AI Evals, Without the Jargon: How We’re Keeping Our Agents Honest at our Agency

·Sep 19, 2025·

6 min read

Cover Image for AI Evals, Without the Jargon: How We’re Keeping Our Agents Honest at our Agency

When we started rolling out voice and chat agents at Hillflare, it felt like opening a thousand tabs at once. Every new client, every script, every accent, every “quick tweak” to a prompt multiplied the ways things could go right… or sideways. Reading random transcripts and saying “looks good” wasn’t going to scale. We needed a way to prove our agents behaved the way we expect—today, tomorrow, and after the next model/prompt/tooling change.

That’s where evals come in. Here’s the simple version and exactly how we’re using them at Hillflare.

What’s an “eval,” in plain language?

An eval is a repeatable check that measures whether an AI system behaves the way your team expects. Think of it like a regression test + report card for your agent:

We encode expectations (what “good” looks like) into datasets, prompts, rubrics, or automated tests.
We rerun those checks whenever anything changes—model version, prompt, RAG settings, tools, guardrails.

Instead of “I skimmed a few calls and vibes are positive,” we get: “Pass rate is 92% on 250 representative cases; tone/compliance stayed flat; accuracy improved +7% week-over-week.”

Why this matters (right now)

We ship fast. Prompts and configs change weekly (sometimes daily). Evals catch regressions before customers do.
Leaders want proof, not vibes. Scored examples and trend charts move conversations with PMs/CFOs from subjective to objective.
Safety & compliance expectations are rising. For regulated or sensitive use cases, a well-instrumented eval story is table stakes.

What a useful eval looks like (The Hillflare Way)

A representative dataset Ours comes from real life: Spanish/English calls, WhatsApp threads, poor connections, regional slang, edge cases like “I’m allergic to X” or “Can I pay in installments?” If your dataset doesn’t look like production, your scores are fantasy.
Clear success criteria We define “good” across dimensions like Accuracy, Tone, Compliance/Policy, Task Completion, and Escalation Hygiene (did the agent hand off smoothly?). Ambiguity in the rubric = noisy results.
Scoring mechanics that mirror reality
- Deterministic checks for things like required disclaimers, price formats, phone number validation.
- Human reviewers to anchor what “good” actually is.
- LLM judges (grading prompts) only after we calibrate them to agree with trusted human scores.
Feedback loops We log every run, push to a simple dashboard, and review low-scoring traces in weekly “tape review.” When customer behavior shifts (new promos, new scripts), we refresh the dataset and update the rubric.

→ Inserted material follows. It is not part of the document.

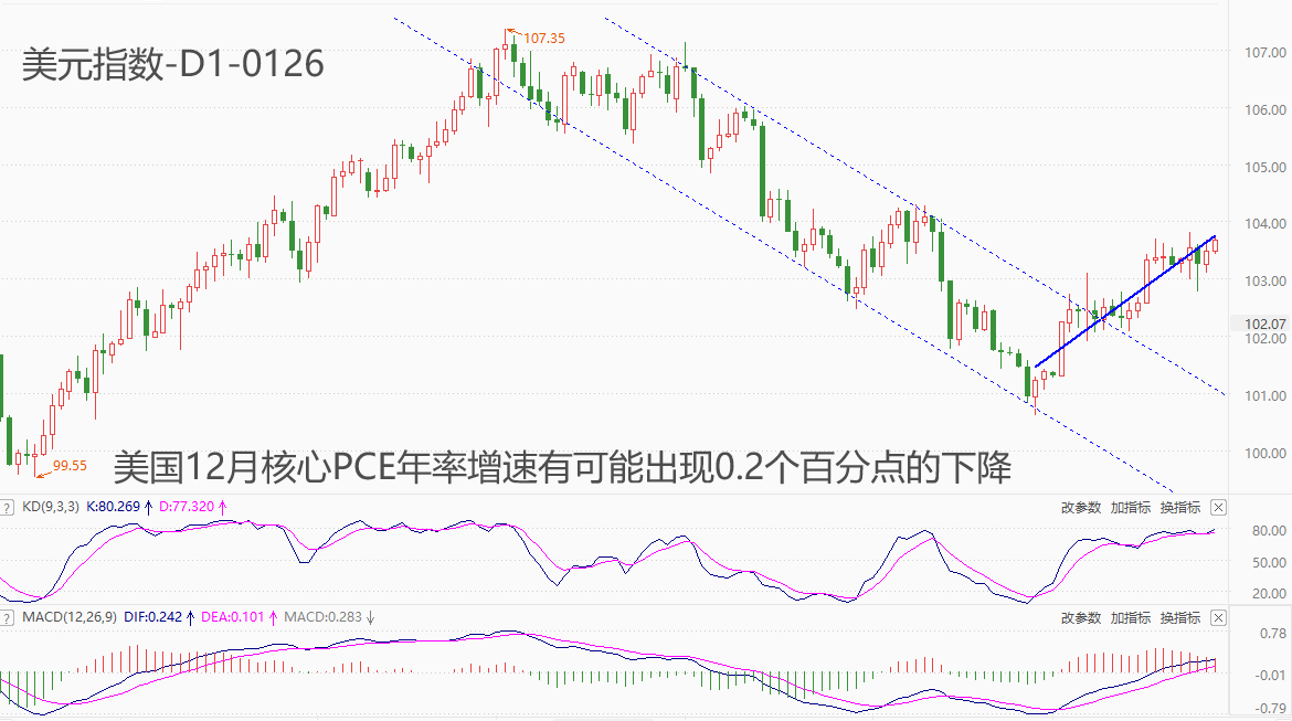 ATFX汇市:美国商务部将公布美国12月核心PCE物价指数年率,前值为3.2%,预期值3%,预期将下降0.2个百分点。同一时间还将公布美国12月名义PCE物价指数年率,前值为2.6%,预期将保持不变。美国PCE数据经常出现在美联储会议纪要当中,对美联储货币政策调整起到至关重要的作用。由于PCE数据在月末公布,所以准确性较高,但也存在滞后性强导致的行情影响性弱的问题。上周五公布的美国一年期通胀率预期从3.1%下降至2.9%,降幅0.2个百分点。1月11日公布的12月未季调核心CPI年率,从4%下降至3.9%,降幅0.1个百分点。两项前瞻性的通胀率指标都认为美国的12月份的通胀率将降低,所以市场预期12月核心PCE数据也将下降,预计准确率较高。通胀率下降意味着高通胀正在降温,美联储将一定程度上失去维持高利率的依据,降息预期将再次升温,利空美元指数。

How evals show up at each stage

1) Research & Design

Early on, we sample 10–20 transcripts a week. This surfaces brittle prompts (“agent panics when user code-switches”), missing context (“no pricing for the new package”), and unexpected questions. These learnings go straight into our product notes and onboarding for reviewers.

2) Development & Tuning

As prompts/models/toolchains evolve, we run evals on a golden set. Passing the suite becomes a gate to merge or deploy. We A/B candidate prompts against the same set to pick winners on data, not gut.

3) Launch & Guardrails

Before a release, we define thresholds (e.g., ≥95% accuracy, ≤X% improper refusals, no regressions vs baseline). After launch, online scoring and user feedback stream back into the dashboard. If a metric dips, alerts fire and we investigate.

4) Continuous Improvement

We version datasets, rubrics, and scoring scripts in Git. Low-scoring production traces feed an annotation queue to keep the golden set fresh. Over time, this flywheel keeps agents aligned with the business.

Build your first eval (our quick-start checklist)

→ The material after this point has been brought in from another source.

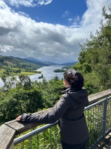 QUEEN ‘S VIEW. Hicimos una parada en Queen ‘s View para contemplar las vistas, sobre todo del lago Tummel. El paisaje realmente merece la pena y es uno de esos lugares donde apetece quedarse un rato simplemente disfrutando del entorno. El aparcamiento es pequeño y de pago: cuesta 2 libras por coche para todo el día. Hay que andar muy poco hasta llegar al mirador. El origen del nombre de este mirador no está del todo claro. Dicen que se hizo famoso por que fue visitado por la reina Victoria en 1866 y le gustó, pero probablemente se le puso el nombre con anterioridad en honor a la reina Isabel, mujer de Robert the Bruce.

Sample real conversations (10–50). Mark where the agent nailed it, missed context, or broke policy.
Draft a lightweight rubric. Two columns: Success criteria and What “fail” looks like, plus a few examples.
Do a manual scoring pass. Have your PM/SME rate each item; capture notes next to scores.
Automate the obvious. Regex/structured checks for disclaimers, formats, tool usage, escalation phrases.
Add an LLM judge. Encode the rubric in a grading prompt and tweak until the model agrees with humans on a small calibration set.
Version everything. Put the dataset, rubric, and scoring scripts in source control. Rerun on every meaningful change.

Minimal rubric (copy/paste this table into Notion)

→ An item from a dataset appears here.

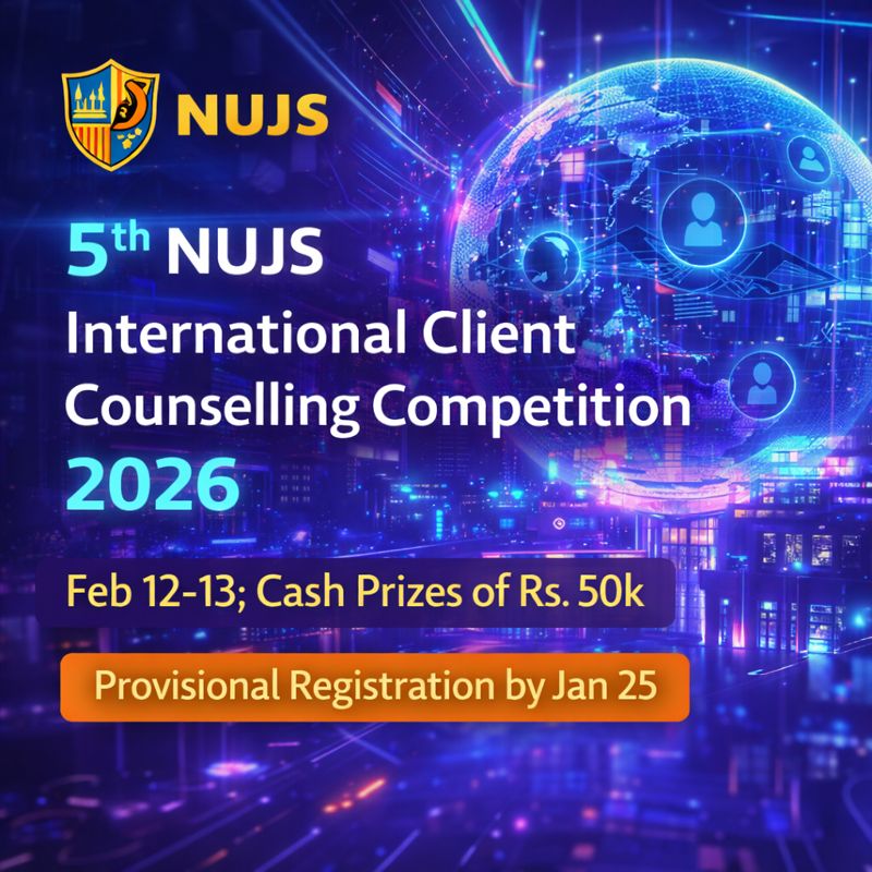 08 Jan Legal Competition 5th NUJS International Client Counselling Competition 2026 January 8, 2026 By Lexful 0 comments Register for the 5th NUJS International Client Counselling Competition 2026 at NUJS Kolkata. Event dates: Feb 12–13. Win cash prizes wo... Continue reading

dimension	weight	pass_criteria	fail_signals	examples_pass	examples_fail
Accuracy	0.35	All facts/steps/prices correct and complete	Wrong price, missing steps, contradicts policy	Quotes $1,299 + IVA; confirms 3 steps	Says $999; skips a required step
Tone	0.15	Warm, concise, on-brand; code-switching handled well	Overpromising, robotic, ignores user tone	“Con gusto te apoyo. Puedo agendarte hoy a las 4.”	Overly salesy or curt
Compliance/Policy	0.25	Required disclaimers; no restricted claims	Missing disclaimer; restricted statements	Reads exact disclaimer when required	Suggests outcomes not allowed
Task completion	0.15	User achieves goal (book/qualify/route/answer)	Dead-end, partial, or wrong outcome	Captures all mandatory fields and confirms	Fails to confirm key details
Escalation hygiene	0.10	Hands off at right time with proper summary/context	Late/early escalation; missing context	“Transfiero con (Agente), resumen: …”	Escalates without context

Scoring: 0–3 per dimension. Weight by business risk; adjust totals to 1.0.

Judge prompt (skeleton)

You are grading an agent response for {dimension}.
Rubric: {rubric_text}
Conversation: {transcript}
Agent reply: {reply}
Return strict JSON:
{"score": 0-3, "justification": "...", "fail_signals": ["..."]}

A tiny, concrete example (from our world)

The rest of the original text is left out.